What's inside its 104 pages:

Four dungeons. The Vat Complex (with its menacing sealed off-west wing, body-horrific industrial process and pocket dimensions), the flying god-prison Monument Five, the meth-fruit Plantation House and Colonel Zogg's Pagoda Bunker.

Full “extra-planar” pointcrawl. The wilderness crawl spreads over one main isle and two smaller islets subdivided by massive, movable grubs.

An “Anti-Chaos Index.” Through their actions the players shape the very reality of the Isles. Sometimes for the better, sometimes for the worst, but always for the weird.

A slew of new otherwordly monsters.

A large collection of bizarre technological Eldish artifacts and treasure. Includes a random generator for miscellaneous artifacts picked up.

A new psionicist player class, the Psychonaut, with a soft scifi twist. Including its own powers and mutations.
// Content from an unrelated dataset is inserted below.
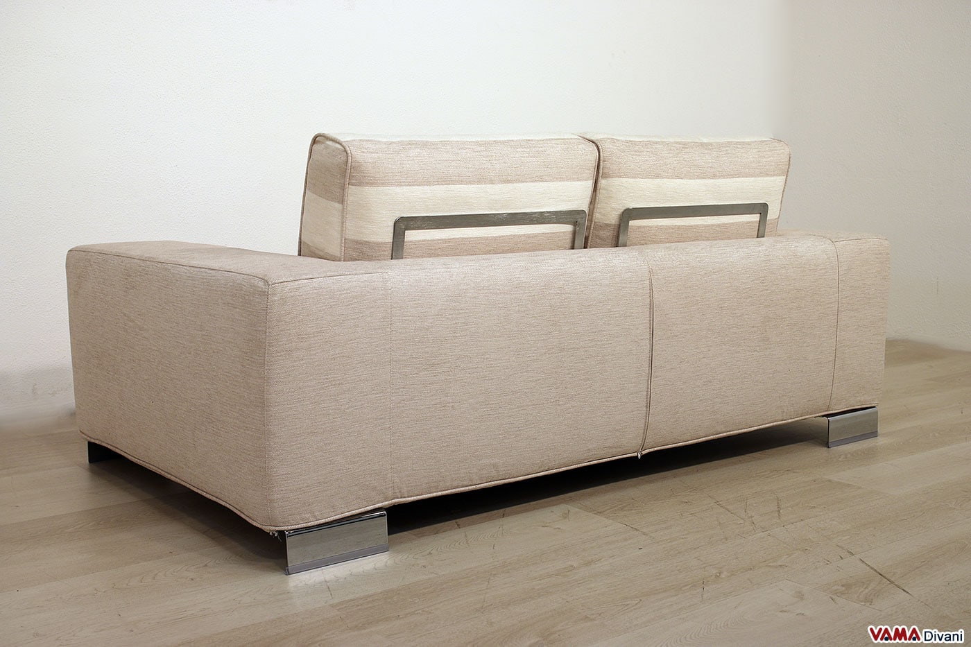 Un divano completamente sfoderabile realizzato in tessuto a righe nei cuscini e tinta unita per tutta la scocca. Un divano moderno con piedi alti in acciaio lucido in offerta per rinnovo showroom insieme al compagno 3 posti. Non lasciarti sfuggire questo salotto moderno di design ad un prezzo irripetibile.
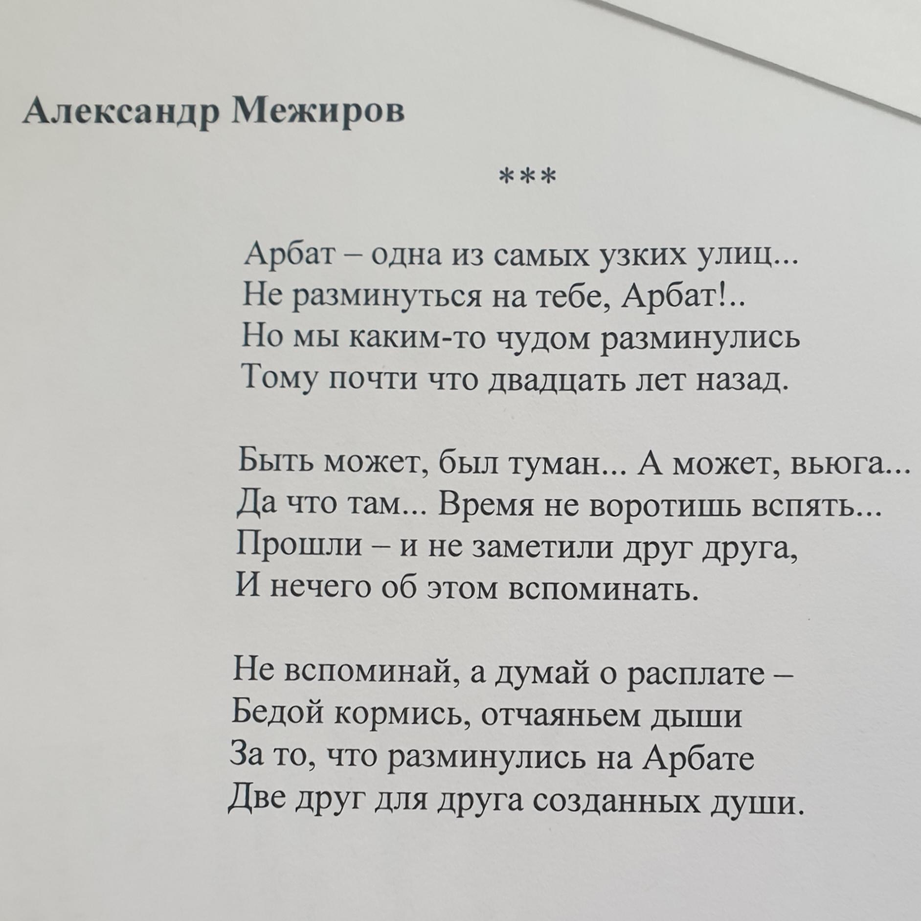 СРОЧНО НУЖЕН АНАЛИЗ СТИХА, ДАМ 35 БАЛЛОВ!!! Александр Межиров - Арбат одна из самых узкиз улиц...

"The Misty Isles of the Eld ... is a hundred and four page acid trip ... if Frank Baum and William Burroughs had gotten together [for] a weekend of drink and drugs."

-- Needles, Swords & Stitchery

"The party will be dealing with a coordinated and professional opposition, and the book does a good job making the encounters and NPCs interesting while not forgetting that. There's a great deal of time spent laying out for referees the various resources the Eld (evil space elves from hell, with Melniboinean flourishes) have at hand and how they use them."